Os ataques de Donald Trump ao país são tão estapafúrdios que remetem a velhas caricaturas sobre o poder norte-americano — como o quadro do programa "Os Trapalhões" que, no fim dos anos 1970, ilustrou o samba "O patrão mandou", de Paulinho Soares.
Vestidos com a clássica fantasia de Tio Sam, Renato Aragão (Didi), Dedé Santana, Antônio Carlos (Mussum) e Mauro Gonçalves (Zacarias) dançam e representam enquanto Soares, à frente do quarteto, interpreta a canção que ironiza a força dos Estados Unidos:
"O patrão mandou cantar com a língua enrolada./ Everybody macacada. Everybody macacada/ E também mandou servir uísque na feijoada./ Do you like this, macacada? Do you like this, macacada?"
Dos quatro, Dedé é que incorpora de maneira mais simbólica o Tio Sam — além da fantasia em azul, vermelho e branco, usa a barbicha que tanto marca o personagem.
Dá ordens, expulsa de cena Mussum (integrante do grupo Originais do Samba) nos versos em que "o patrão" manda retirar "nosso samba da parada". Arrogante, determina a coreografia do grupo e chega a distribuir sopapos nos outros.
"O patrão mandou" era quase uma atualização da também irônica "Canção do subdesenvolvido", composta por Carlinhos Lyra e Chico de Assis e lançada em 1962 pelo CPC (Centro Popular de Cultura) da União Nacional dos Estudantes, que cultivava um viés nacionalista e de esquerda.
A canção é um panfleto musical que enumera o domínio de potências estrangeiras no Brasil. Ao tratar dos Estados Unidos, ressalta a injustiça das relações comerciais entre os dois países e a dominação cultural norte-americana: "Rock-balada, filme de mocinho/ Ar refrigerado e chiclet de bola/ E coca-cola...!"
Engraçadas, as duas canções pareciam condenadas a um passado em que tanto se falava em imperalismo, principalmente, no papel exercido pelos EUA. Uma crítica que, segundo teóricos liberais, teria sido superada pela complexidade de um mundo moderno e interdependente.
Décadas depois, porém, o autoritarismo do governo norte-americano mostra que o viés caricatural e mesmo maniqueísta dos anos 1960 e 1970 não foi sepultado pela história. O "patrão" agora se acha no direito de tentar interferir num julgamento do Supremo Tribunal Federal para garantir a impunidade de Jair Bolsonaro.

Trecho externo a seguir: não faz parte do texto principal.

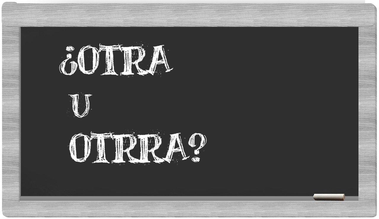 En la situación particular que se presenta entre los términos otra y otrra, es fundamental que no tengas ninguna incertidumbre, puesto que únicamente otra se encuentra correctamente redactado. Por otro lado, otrra no se halla registrado en el Diccionario de la Real Academia Española.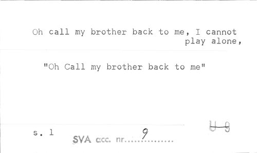 //// Oh call my brother back to me, I cannot //// play alone, //// "Oh Call my brother back to me" //// i i q //// s. i 9 //// SVA ccc. nr.../... ////

Não mudou também a postura dos políticos que, como nos cartuns tão comuns em outros tempos, mantêm subserviência aos EUA, beijam a mão de Tio Sam. Como na canção do CPC da UNE: "O povo brasileiro embora pense, dance e cante/ como americano / Não come como americano / Não bebe como americano/ Vive menos, sofre mais." E conclui: "Personalidade sem igual / Porém... subdesenvolvida, subdesenvolvida /E essa é que é a vida nacional!"